Instructions for the task
Write the data out again, character for character, with no images.

Source material

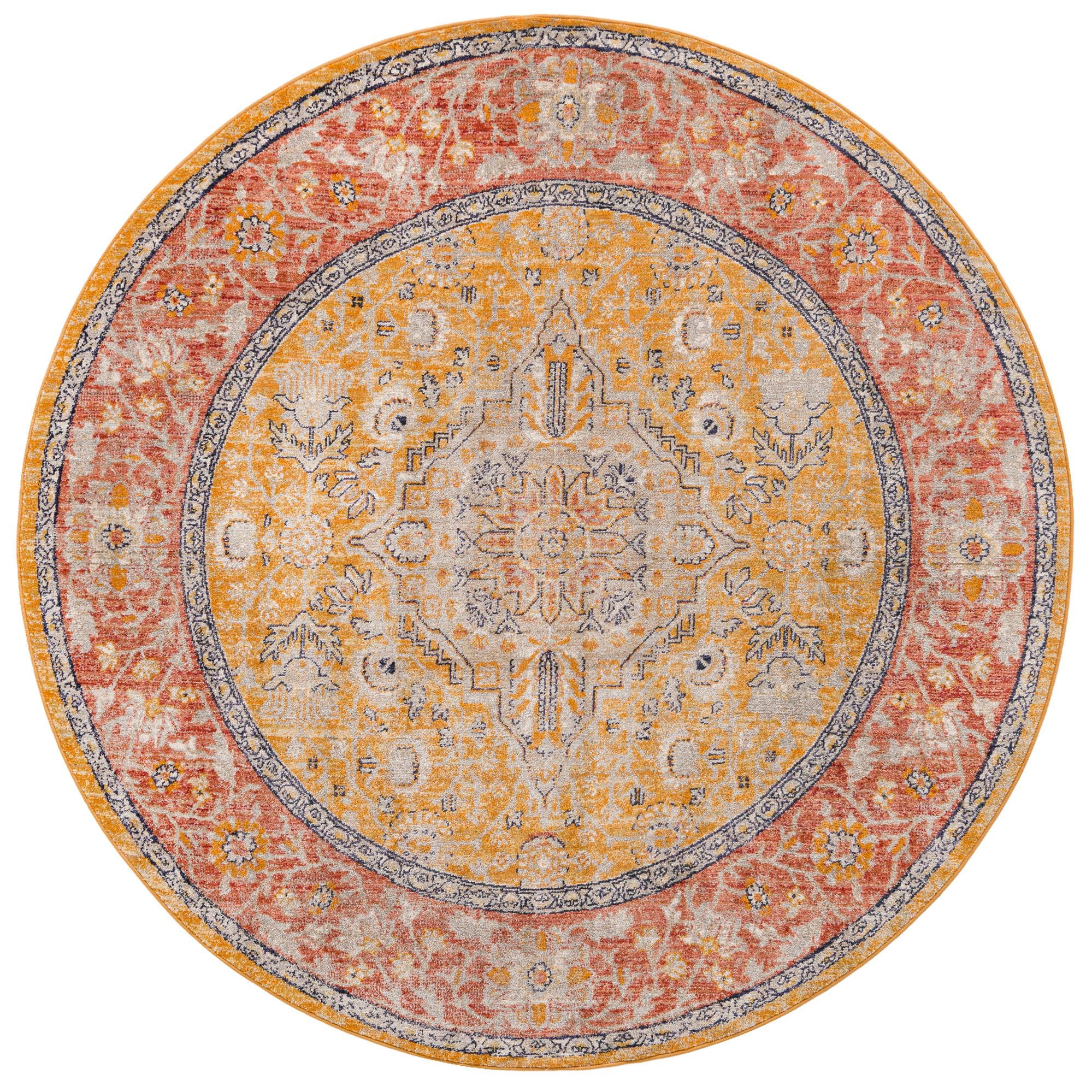 A 7' round yellow and orange bohemian rug with a central medallion and ornate border, perfect for an indoor living space.
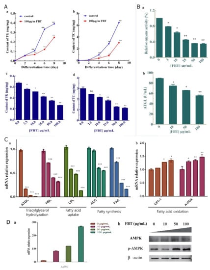 (A) The effect of FBT on the changes in TG and TC content during the differentiation of 3T3-L1 preadipocytes. (A-(a,b)) Changes in TG and TC contents within eight days of the cell differentiation process under the 100 μg/mL FBT treatment; (A-(c,d)) The contents of TG and TC under different concentrations of FBT on the sixth day of differentiation. * p < 0.05, ** p < 0.01, and *** p < 0.0001 versus the control group; ### p < 0.0001 versus different times at the same concentration. (B) Effects of FBT on the related metabolism of 3T3-L1 cells. (B-a) 4-NPP was used as a substrate to detect lipase activity by UV spectroscopy. (B-b) ATGL activity detection results. (C) Lipid metabolism of 3T3-L1-related gene expression with FBT; (C-a) Gene expression related to triacylglycerol hydrolyzation, fatty acid uptake and fatty synthesis under FBT (0, 10, 50 and 100 μg/mL) treatment; (C-b) Effects of FBT on the mRNA levels of genes related to fatty acid oxidation. (D-a), AMPK gene expression with RNA; (D-b), AMPK and phosphorylated AMPK protein expression with Western Blot.
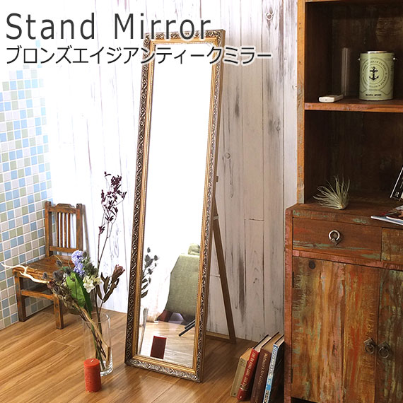 ■ブロンズエイジアンティークミラー (スタンドミラー 姿見 鏡 立て掛けミラー 全身 アンティーク レトロ ブロンズ 高級感 エレガント ガ
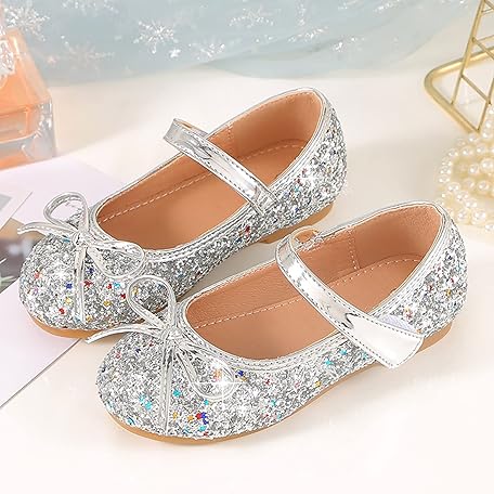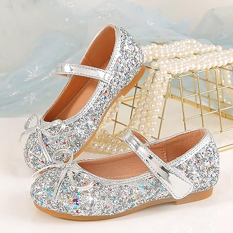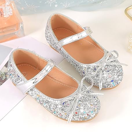 Girls' Sequined Bowknot Flat, Sparkly Crystal Leather Shoes for Girls, for Weddings as Bridesmaid, Flower Girl, Birthday Parties, and 𝗕all Gowns (Silver, 1.5 Big Kids)
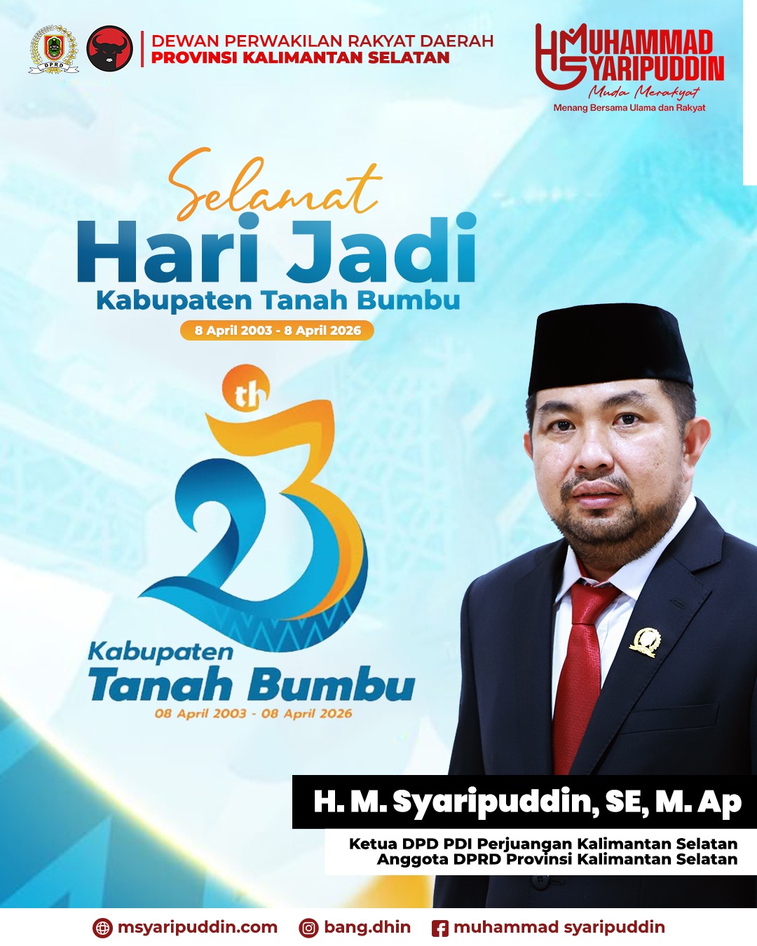 Anggota DPRD Provinsi Kalimantan Selatan Muhammad Syarifuddin Beri Ucapan Selamat HUT Tanah Bumbu ke-23.

Answer for the task
 A 7' round yellow and orange bohemian rug with a central medallion and ornate border, perfect for an indoor living space.
 (A) The effect of FBT on the changes in TG and TC content during the differentiation of 3T3-L1 preadipocytes. (A-(a,b)) Changes in TG and TC contents within eight days of the cell differentiation process under the 100 μg/mL FBT treatment; (A-(c,d)) The contents of TG and TC under different concentrations of FBT on the sixth day of differentiation. * p < 0.05, ** p < 0.01, and *** p < 0.0001 versus the control group; ### p < 0.0001 versus different times at the same concentration. (B) Effects of FBT on the related metabolism of 3T3-L1 cells. (B-a) 4-NPP was used as a substrate to detect lipase activity by UV spectroscopy. (B-b) ATGL activity detection results. (C) Lipid metabolism of 3T3-L1-related gene expression with FBT; (C-a) Gene expression related to triacylglycerol hydrolyzation, fatty acid uptake and fatty synthesis under FBT (0, 10, 50 and 100 μg/mL) treatment; (C-b) Effects of FBT on the mRNA levels of genes related to fatty acid oxidation. (D-a), AMPK gene expression with RNA; (D-b), AMPK and phosphorylated AMPK protein expression with Western Blot.
 ■ブロンズエイジアンティークミラー (スタンドミラー 姿見 鏡 立て掛けミラー 全身 アンティーク レトロ ブロンズ 高級感 エレガント ガ
 Girls' Sequined Bowknot Flat, Sparkly Crystal Leather Shoes for Girls, for Weddings as Bridesmaid, Flower Girl, Birthday Parties, and 𝗕all Gowns (Silver, 1.5 Big Kids)
 Anggota DPRD Provinsi Kalimantan Selatan Muhammad Syarifuddin Beri Ucapan Selamat HUT Tanah Bumbu ke-23.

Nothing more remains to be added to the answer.